The result should be the lines from the one holding "ఉమ్మడి కర్నూలు జిల్లాలో" to the final line of the records, retyped exactly.
=== Given information ===
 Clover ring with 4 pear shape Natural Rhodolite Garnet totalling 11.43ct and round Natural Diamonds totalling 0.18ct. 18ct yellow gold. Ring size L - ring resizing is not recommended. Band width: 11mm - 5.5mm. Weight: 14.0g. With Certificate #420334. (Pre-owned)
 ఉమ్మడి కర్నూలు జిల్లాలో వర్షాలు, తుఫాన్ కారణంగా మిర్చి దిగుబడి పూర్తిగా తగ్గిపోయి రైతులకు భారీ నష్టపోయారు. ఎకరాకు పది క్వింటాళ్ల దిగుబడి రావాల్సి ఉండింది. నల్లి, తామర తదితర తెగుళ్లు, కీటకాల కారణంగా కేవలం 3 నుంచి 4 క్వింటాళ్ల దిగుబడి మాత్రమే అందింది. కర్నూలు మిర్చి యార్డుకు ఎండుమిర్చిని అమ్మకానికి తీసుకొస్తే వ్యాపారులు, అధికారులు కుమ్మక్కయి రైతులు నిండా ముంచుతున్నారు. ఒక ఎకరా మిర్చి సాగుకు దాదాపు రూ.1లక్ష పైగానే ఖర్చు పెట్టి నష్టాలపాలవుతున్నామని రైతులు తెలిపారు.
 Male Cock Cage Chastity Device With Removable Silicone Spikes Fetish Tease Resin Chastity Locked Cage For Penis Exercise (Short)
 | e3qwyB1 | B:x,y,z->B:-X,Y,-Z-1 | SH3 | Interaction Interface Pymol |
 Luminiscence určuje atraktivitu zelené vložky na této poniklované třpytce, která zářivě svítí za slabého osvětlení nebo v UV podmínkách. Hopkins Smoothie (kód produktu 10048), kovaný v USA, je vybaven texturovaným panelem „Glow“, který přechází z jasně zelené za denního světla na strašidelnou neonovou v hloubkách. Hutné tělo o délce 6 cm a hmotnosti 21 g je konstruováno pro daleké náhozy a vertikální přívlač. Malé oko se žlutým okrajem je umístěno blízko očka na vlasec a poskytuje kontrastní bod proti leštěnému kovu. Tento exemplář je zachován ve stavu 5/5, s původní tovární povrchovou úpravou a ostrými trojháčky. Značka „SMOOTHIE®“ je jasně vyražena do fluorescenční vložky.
===
→ Result
 ఉమ్మడి కర్నూలు జిల్లాలో వర్షాలు, తుఫాన్ కారణంగా మిర్చి దిగుబడి పూర్తిగా తగ్గిపోయి రైతులకు భారీ నష్టపోయారు. ఎకరాకు పది క్వింటాళ్ల దిగుబడి రావాల్సి ఉండింది. నల్లి, తామర తదితర తెగుళ్లు, కీటకాల కారణంగా కేవలం 3 నుంచి 4 క్వింటాళ్ల దిగుబడి మాత్రమే అందింది. కర్నూలు మిర్చి యార్డుకు ఎండుమిర్చిని అమ్మకానికి తీసుకొస్తే వ్యాపారులు, అధికారులు కుమ్మక్కయి రైతులు నిండా ముంచుతున్నారు. ఒక ఎకరా మిర్చి సాగుకు దాదాపు రూ.1లక్ష పైగానే ఖర్చు పెట్టి నష్టాలపాలవుతున్నామని రైతులు తెలిపారు.
 Male Cock Cage Chastity Device With Removable Silicone Spikes Fetish Tease Resin Chastity Locked Cage For Penis Exercise (Short)
 | e3qwyB1 | B:x,y,z->B:-X,Y,-Z-1 | SH3 | Interaction Interface Pymol |
 Luminiscence určuje atraktivitu zelené vložky na této poniklované třpytce, která zářivě svítí za slabého osvětlení nebo v UV podmínkách. Hopkins Smoothie (kód produktu 10048), kovaný v USA, je vybaven texturovaným panelem „Glow“, který přechází z jasně zelené za denního světla na strašidelnou neonovou v hloubkách. Hutné tělo o délce 6 cm a hmotnosti 21 g je konstruováno pro daleké náhozy a vertikální přívlač. Malé oko se žlutým okrajem je umístěno blízko očka na vlasec a poskytuje kontrastní bod proti leštěnému kovu. Tento exemplář je zachován ve stavu 5/5, s původní tovární povrchovou úpravou a ostrými trojháčky. Značka „SMOOTHIE®“ je jasně vyražena do fluorescenční vložky.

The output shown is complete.